フランスの強襲揚陸艦が我が国に立ち寄り、「売り込みにきやがった」「要らねえ」と話題となりました。

このカッコ悪さは、異様に高い乾舷とブッ細工にちょん切ったような艦首に原因があると思います。

私は「仏蘭西は変態戦艦を建造する伝統がある」とコメントさせて頂きましたので、その仏蘭西の変態戦艦を紹介せねばなりません。しかも変態が我が海軍にも、というお話であります。

画像をご覧いただきましょう。

石見(露戦艦アリョールの降伏直後)

露戦艦アリョールが降伏した直後

 

対馬沖の海戦で完敗した露西亜バルチック艦隊の戦艦「アリョール」が、我が連合艦隊に降伏した際に撮影されたものです。このアリョールは修理されて戦艦「石見」になりました。

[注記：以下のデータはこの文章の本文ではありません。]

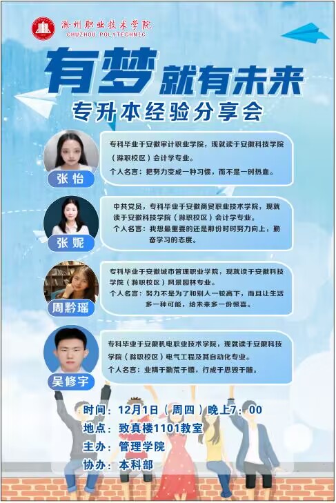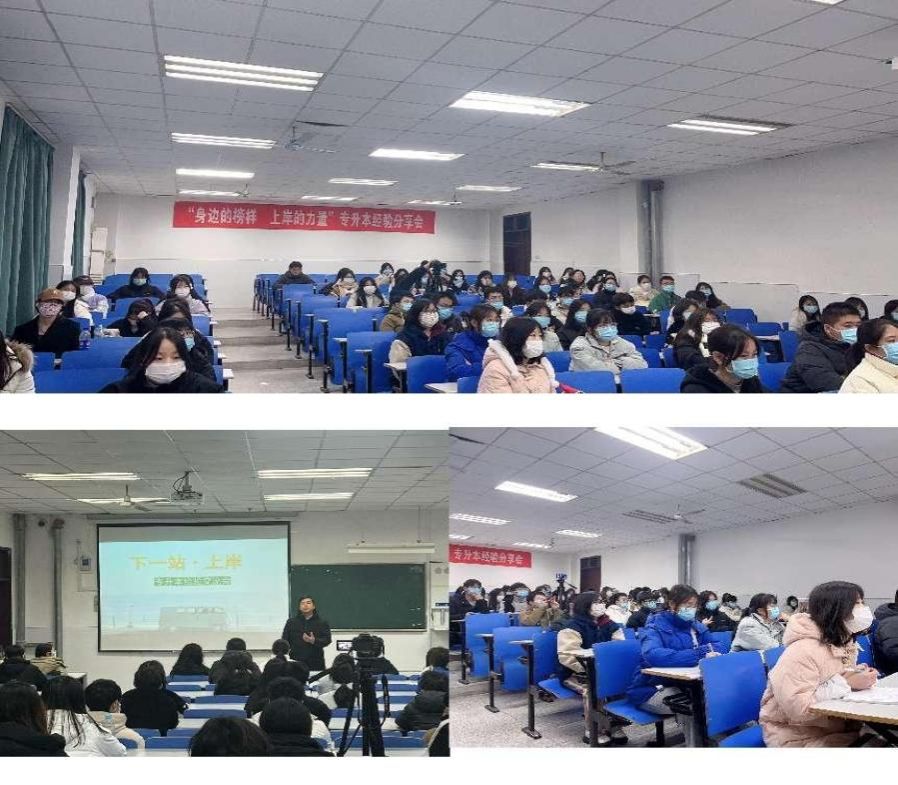 为推进优良学风建设,增强管理学院学生对专升本考试的认识,做好未来的学习规划,我院于12月1日成功举办了以“身边的榜样,上岸的力量”为主题的专升本经验分享会。本科部4名优秀的学长、学姐吴修宇、张怡、张妮、周黔瑶给来自不同年级的50名学生分享了升本经验。分享会由辅导员汪亚运主持。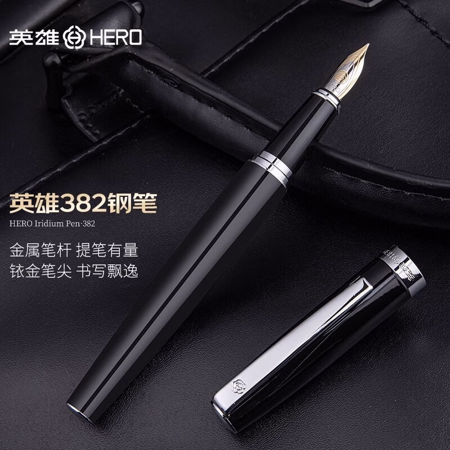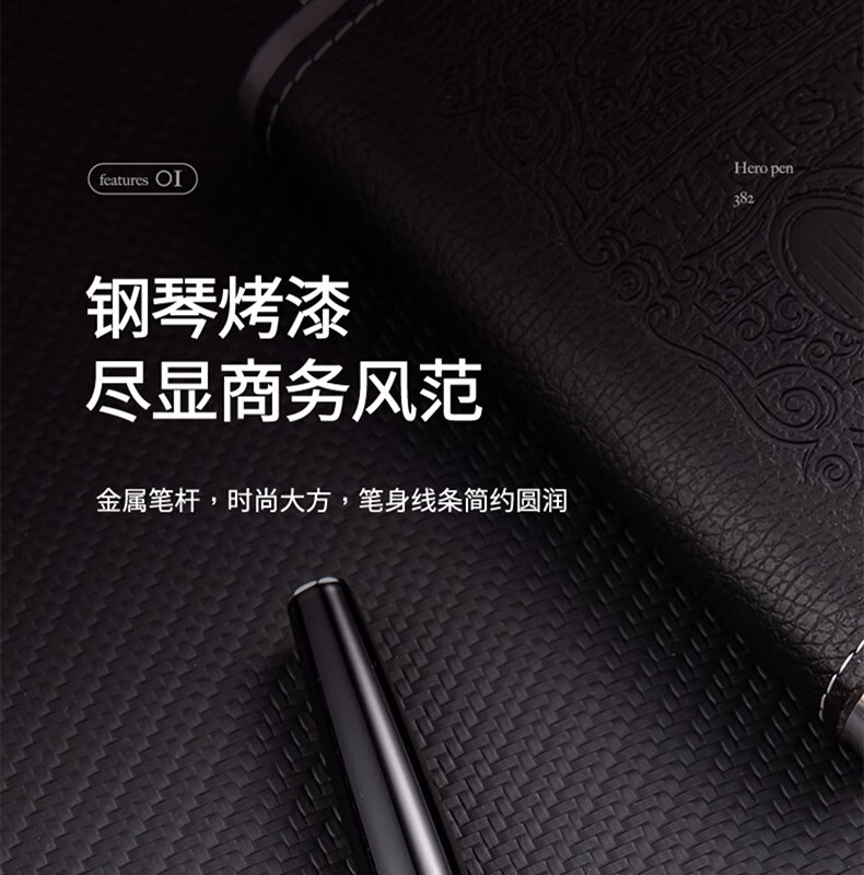 > 英雄(HERO)382钢笔明尖美工笔学生硬笔书法练字铱金笔签字墨水笔送礼礼物钢笔 黑色弯尖美工笔(约0.8mm)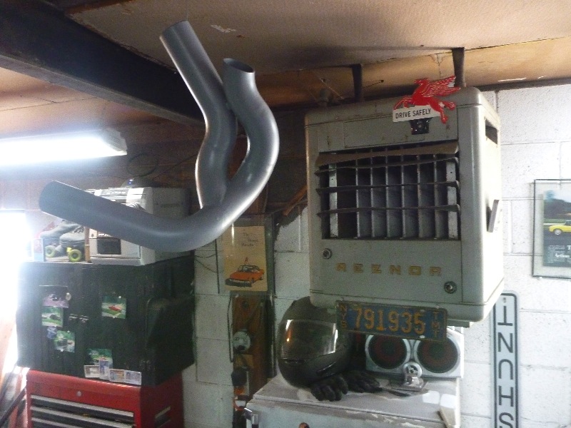 Then I sprayed the parts with high heat paint and hung them in front of my trusty Reznor heater to bake.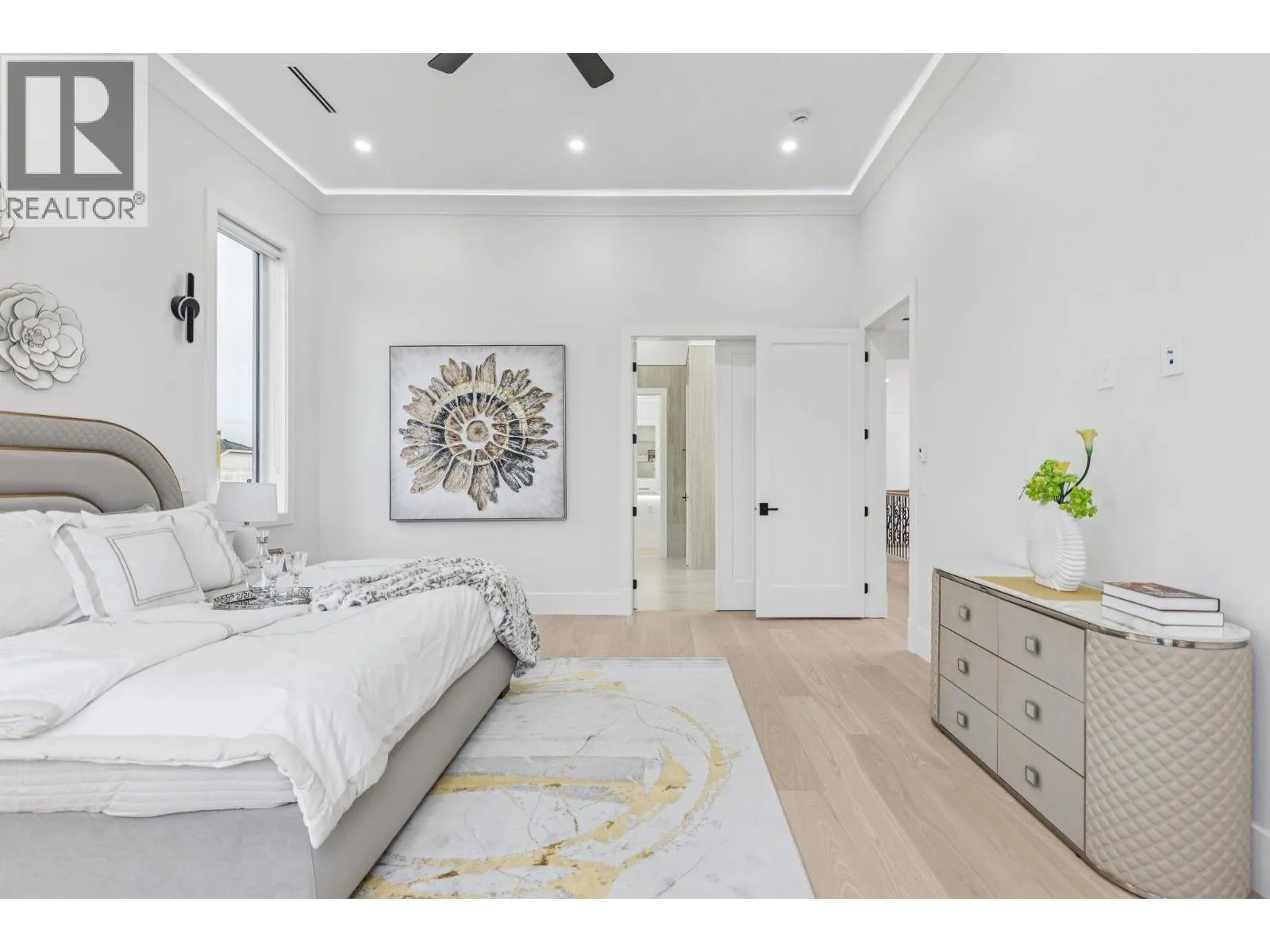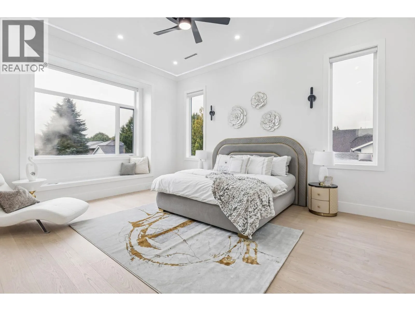 Stunning brand-new custom home in prestigious WestWind area, featuring 5 bdrms & 5.5 baths on almost 8,000 sq.ft.corner lot. Step inside to soaring ceilings & expansive windows filling the space with natural light. The gourmet kitchen boasts a massive marble waterfall island, Miele appliances + an oversized spice kitchen w/industrial gas range & access to south backyard. Main floor includes an elegant office & a private bedroom. Upstairs showcase the open bright walkway lead to the 12' high grand primary bedrm offers a spa-inspired ensuite with soaking tub, steam shower, double vanity, modern bidet. Walk-in wardrobe room showcases floor-to-ceiling custom cabinets & a glass-top island for designer accessories. South-facing backyard, solar panels & refined details complete this exquisite home. (id:27476)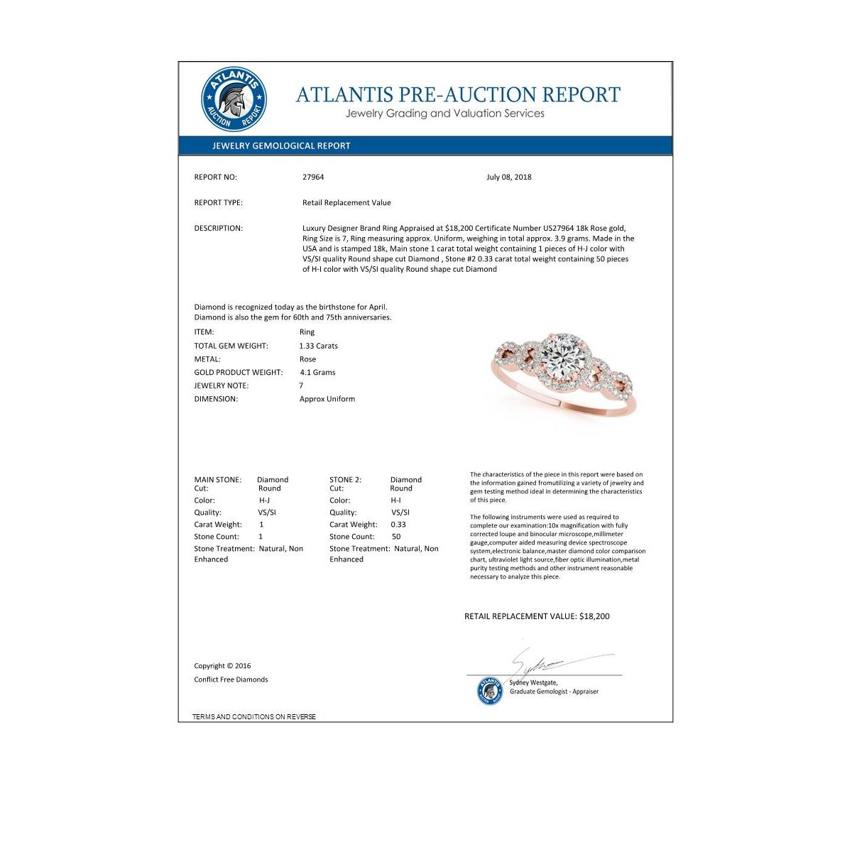 REF-367A5X -27964 ---- 1.33 CTW Certified VS/SI Diamond Solitaire Ring 18K Rose Gold ---- Luxury Designer Brand Ring Appraised at $18,200 Certificate Number US27964 18k Rose gold, Ring Size is 7, Ring measuring approx. Uniform, weighing in total approx. 3.9 grams. Made in the USA and is stamped 18k, Main stone 1 carat total weight containing 1 pieces of H-J color with VS/SI quality Round shape cut Diamond , Stone #2 0.33 carat total weight containing 50 pieces of H-I color with VS/SI quality Round shape cut Diamond
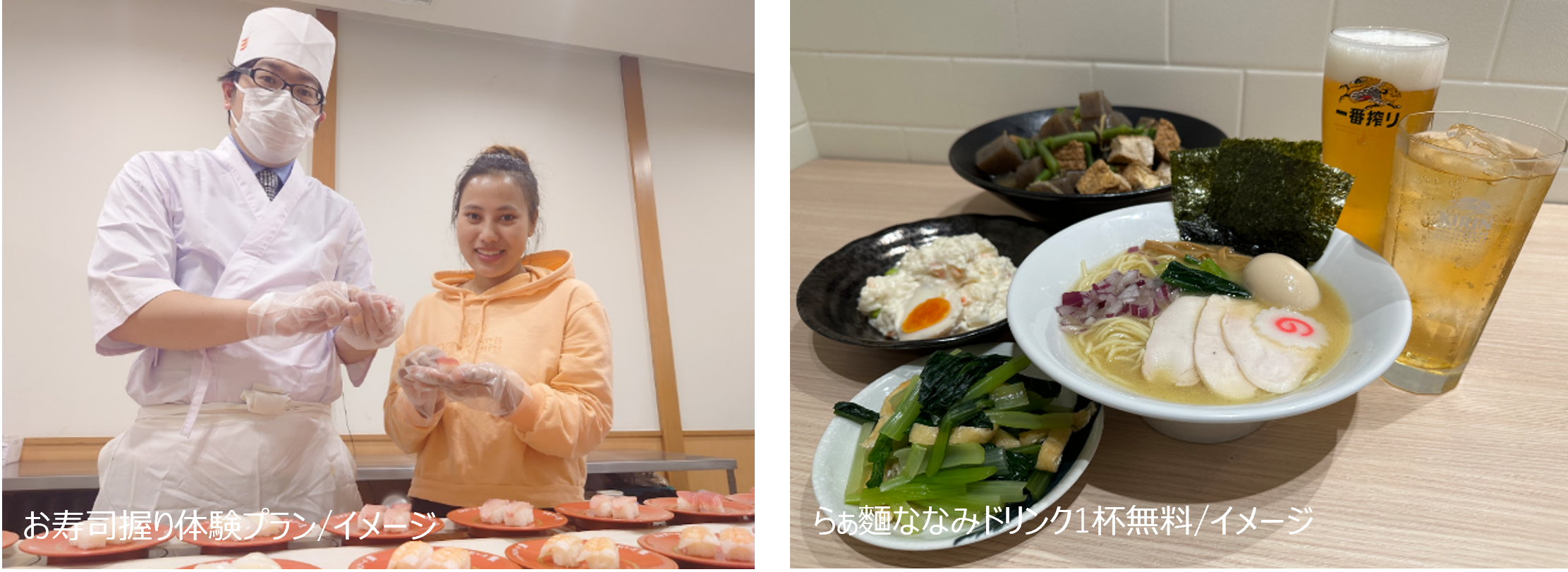H.I.S.ホテルホールディングス株式会社(本社:東京都港区)が運営するウォーターマークホテル京都は、カッパ・クリエイト株式会社(本社:神奈川県横浜市)とコラボレーションし、ホテルの客室にて寿司を握る体験ができる「お寿司握り体験プラン」を10月24日(火)より発売いたします。また、変なホテル東京 浜松町では、10月にホテル内に新規オープンしたレストランのらぁ麵ななみにて、10月24日(火)よりドリンク1杯を無料でサービスいたします。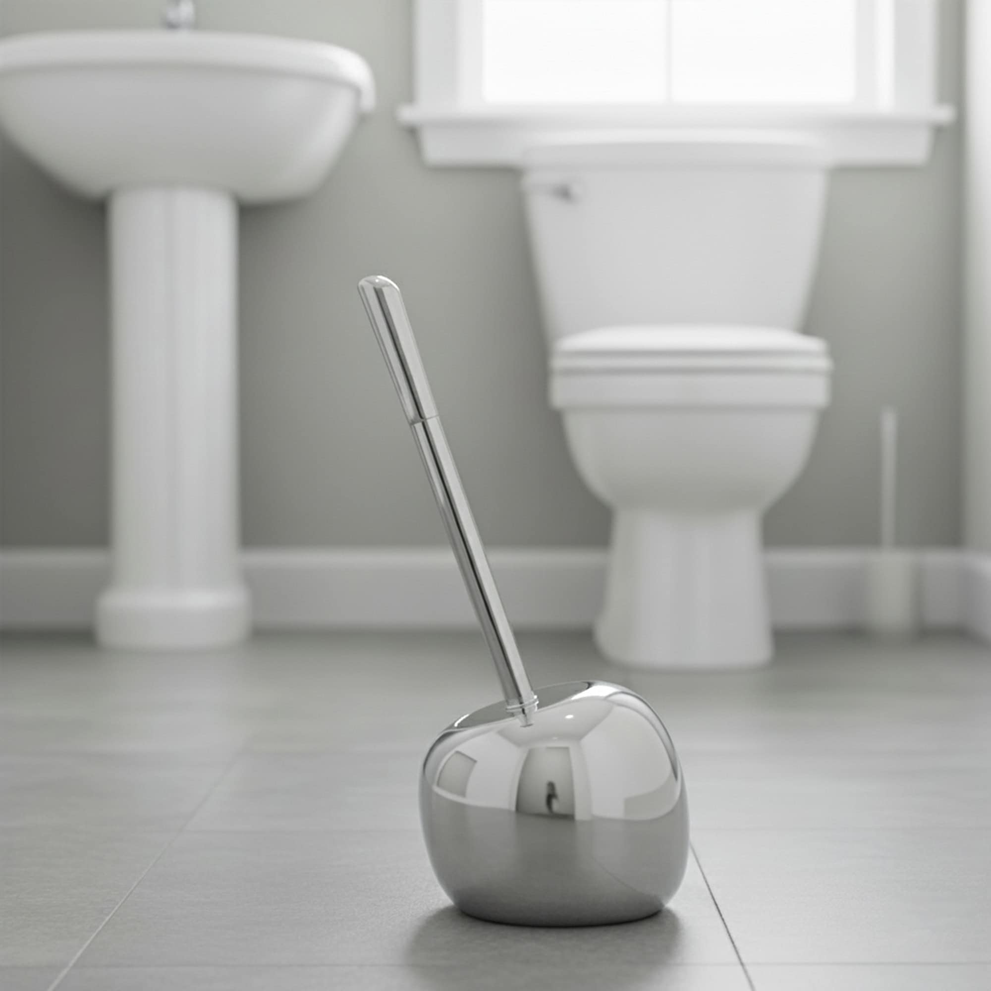 “Let’s face it, there’s nothing glamorous about a toilet brush…But there’s also no need for it to be an embarrassing eyesore. Keep your toilet bowl clean with our chrome toilet brush and holder set PISE .

如何でしょうか?ズムウォルト(後で出てきます)並にカッコ悪くないですか。
戦艦石見と駆逐艦ズムウォルトは排水量がほとんど変わらないだけじゃなく、基本的な艦形が同じなんです。

日本海海戦で

判りにくいので、戦艦「石見」の画像をもう1枚ご覧ください。

露戦艦アリョール(石見)の被害状況、タンブル・ホームに注意

捕獲戦艦石見(アリョール)の被害状況、タンブル・ホームに注意

 

上甲板が狭く、喫水線に向かって艦の幅が広がっているのがお判りだと思います。
上甲板のボートの下に、人が歩けるキャットウォークがあるくらいです。

甲板が一番広くて、船底にむけて狭くなっていくのが艦艇の常識なんです。
もちろん、凌波性とか防御上の問題で傾け方はいろいろありますが、甲板が一番狭い、って言うのはこの「タンブル・ホーム」と言われる船型だけだろうと思います。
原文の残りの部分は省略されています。